Research Highlights

Genomes of a feather flock together

Published online 16 February 2015

Sedeer El-Showk

Several long-standing questions about the evolutionary history of birds have been answered in a Science paper published by the Avian Phylogenomics Consortium. The paper was one of 28 appearing in several journals, including a special issue of Science, to report the Consortium's first findings.

The Consortium, which includes Wang Jun of China's BGI, who is also affiliated with King Abdulaziz University in Saudi Arabia, sequenced 45 bird genomes and analysed them together with three already published avian genomes to build a phylogeny of birds. Several of the species, including bustard and sandgrouse, came from the Breeding Centre for Endangered Arabian Wildlife in Sharjah. The researchers found strong evidence for a rapid radiation of bird species following the mass extinction that killed the dinosaurs 66 million years ago, rather than an earlier, more gradual diversification of species. 
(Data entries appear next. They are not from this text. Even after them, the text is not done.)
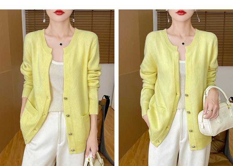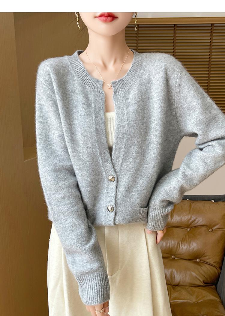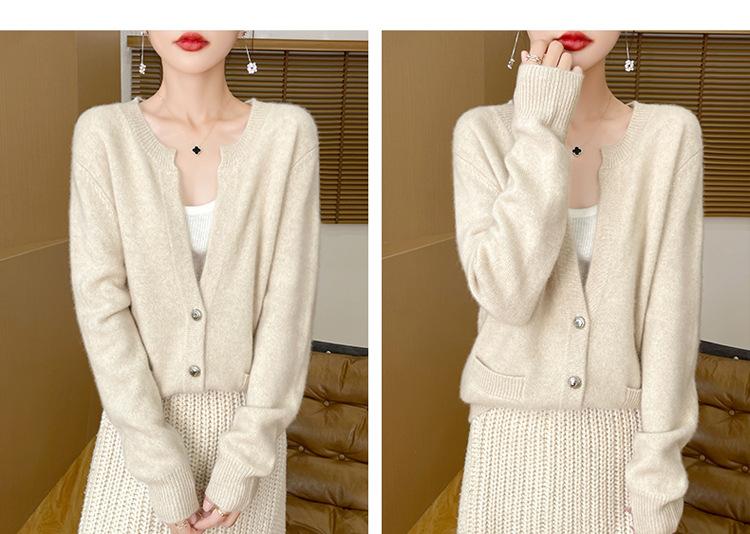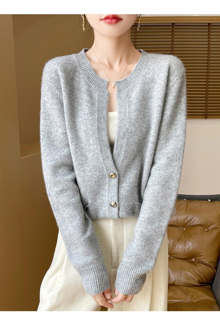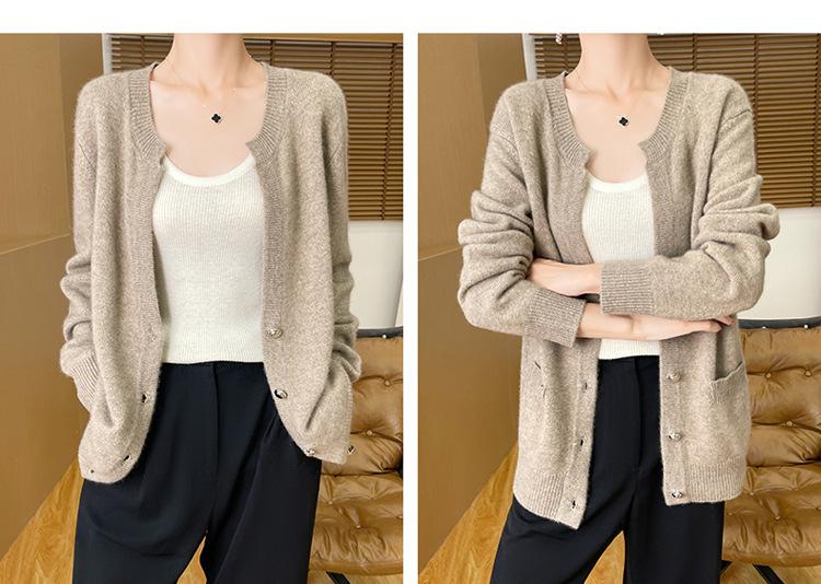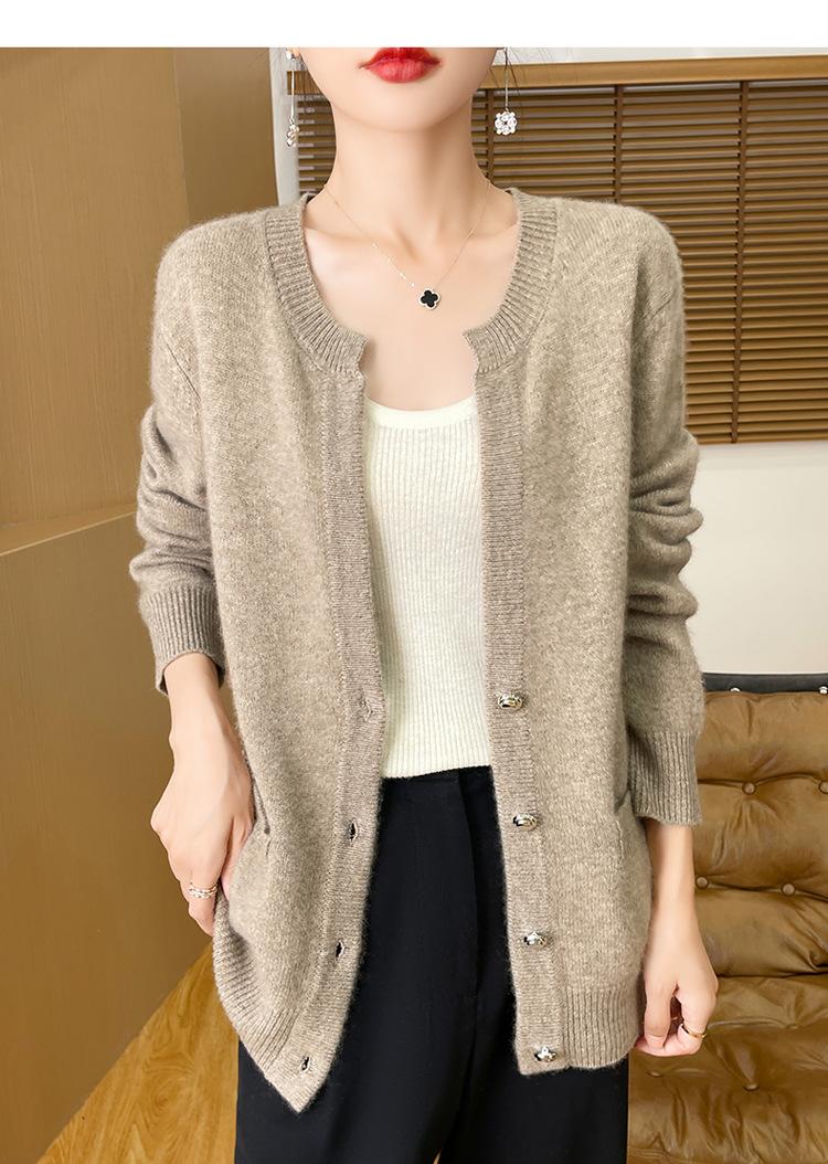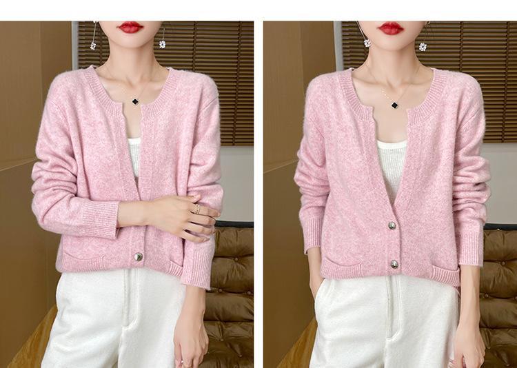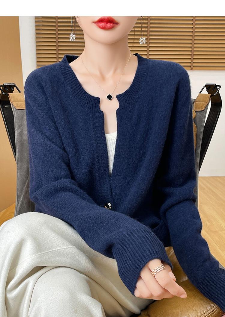 Otoño e Invierno Nuevo Cuello en V Lana Pura Engrosado Abrigo Suelto Suéter Tejido Rojo Elegante Top Cárdigan de Lana Mujer
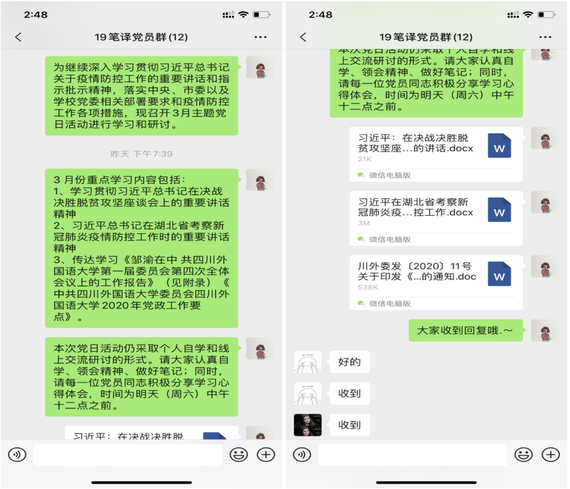 活动开始前,刘苏萌同志传达了本次党日活动的内容与要求,并将活动的材料上传至群内供大家自行下载学习。此次学习的内容有:学习贯彻习近平总书记在决战决胜脱贫攻坚座谈会上的重要讲话精神、习近平总书记在湖北省考察新冠肺炎疫情防控工作时的重要讲话精神、传达学习《邹渝在中共四川外国语大学第一届委员会第四次全体会议上的工作报告》、《中共四川外国语大学委员会四川外国语大学2020年党政工作要点》。
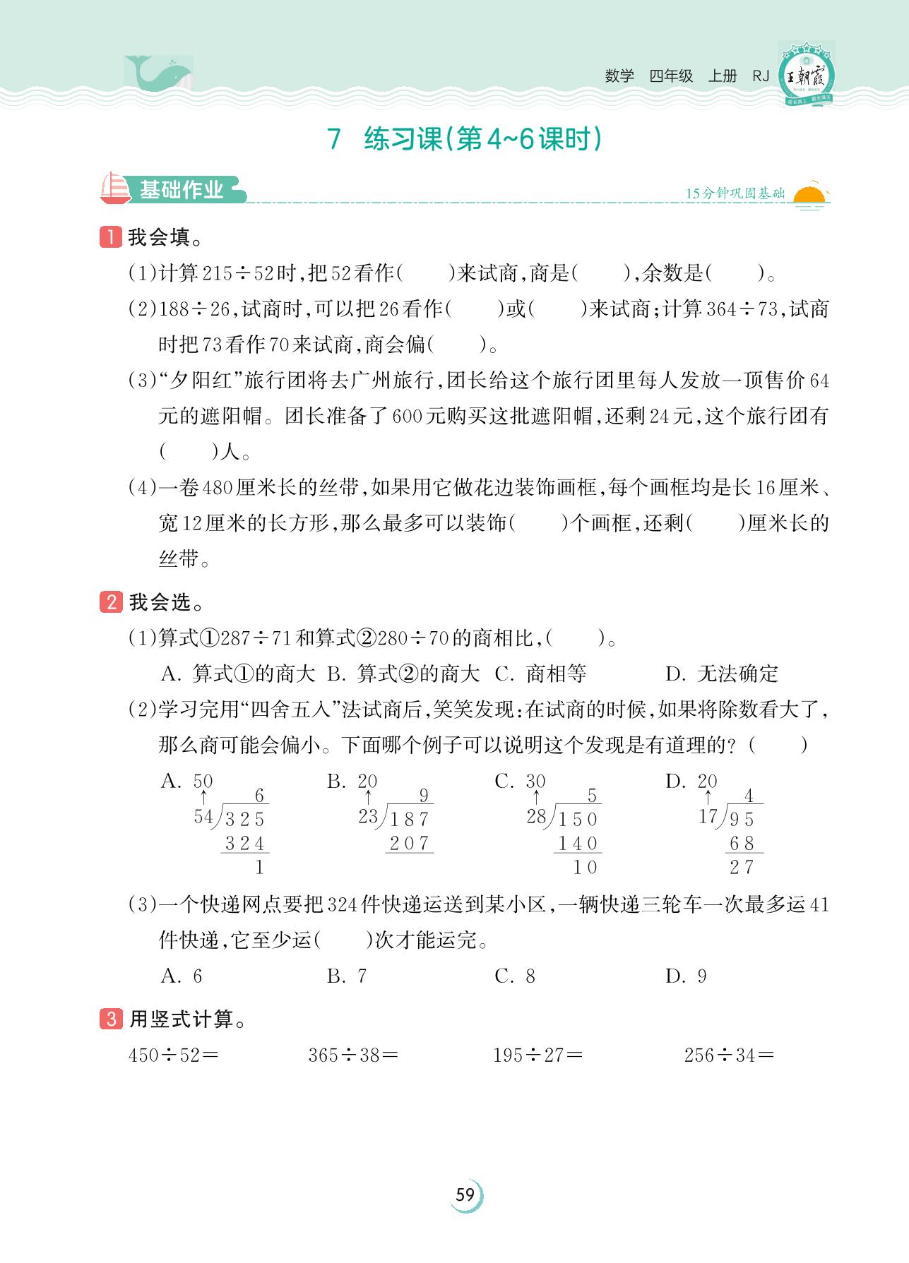 2023上册四年级数学人教版 第六单元 除数是两位数的除法——7 练习课(第4~6课时)

The new phylogeny also clarifies several evolutionary relationships and the history of various traits; for example, vocal learning evolved independently at least twice in birds. “This tree will affect all bird evolution studies,” says Erich Jarvis of Duke University, lead co-author with Siavash Mirarab of University of Texas at Austin.

None of the trees built using only individual genetic elements matched the tree based on the entire genome. “That means you can’t trust gene trees to give you a species tree. Depending on how closely in time the species being compared diverged, you need many genes, if not most of the genome [to get an accurate species tree],” says Jarvis. In addition, evolutionary convergence makes protein-coding genes the least informative for inferring a tree. “I suspect as more genomes become available for tree analyses, we will be seeing important changes in our view of the tree of life.”